BP Boötis is a solitary variable star in the northern constellation of Boötes, near the northern constellation border with Draco. It is visible to the naked eye as a dim, white-hued star with an apparent visual magnitude that fluctuates around 5.48. The star is located 299 light years away from the Sun based on parallax, but is drifting closer with a radial velocity of −16 km/s.

The star, often called HD 140728 before it was known to be variable, was transferred from Boötes to Quadrans Muralis. Later, when the International Astronomical Union officially recognised constellations, Quadrans Muralis became obsolete, so this star was moved back to Boötes. In 1962, William Wehlau announced that the star's brightness varied, based on observations made from 1958 through 1960.

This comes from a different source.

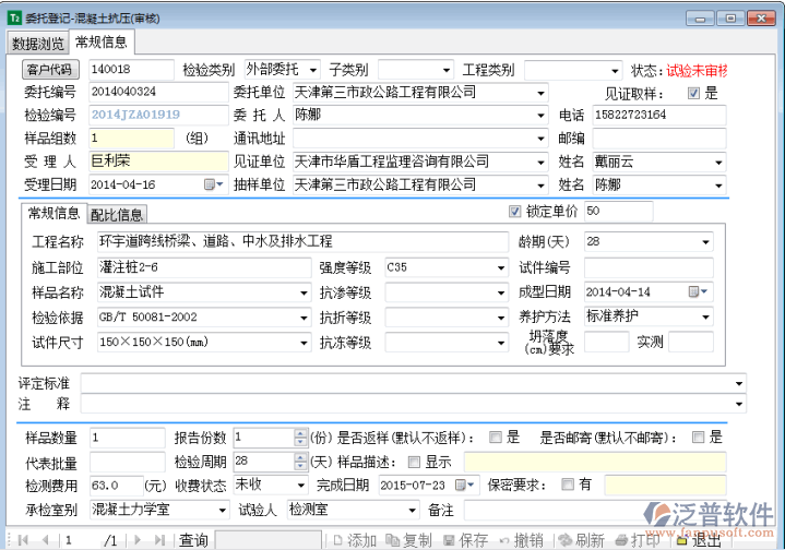 在界面左側(cè)選中要審核的報告分類項,從右側(cè)選擇要審核的具體報告,點擊鼠標(biāo)右鍵,在彈出的快捷菜單中選擇“委托信息審核”、“檢測信息審核”(或底部對應(yīng)的功能按鈕),即可打開委托錄入的信息和檢測數(shù)據(jù)錄入的信息進行審核查看(如圖3)。

This is an Ap star with a stellar classification of A0 Vp Si Cr, showing abundance anomalies of silicon and chromium. It is an Alpha^{2} Canum Venaticorum variable that varies in brightness by 0.02 magnitude over a period of 1.3 days. The distribution of silicon across the surface appears to be associated with the magnetic field of the star, with depleted regions appearing around the magnetic poles.

BP Boötis is 170 million years old with a projected rotational velocity of 69 km/s, having a rotation period of 1.29557 days. It has 2.6 times the mass of the Sun and 2.7 times the Sun's radius. The star is radiating 65 times the luminosity of the Sun from its photosphere at an effective temperature of 9,954 K.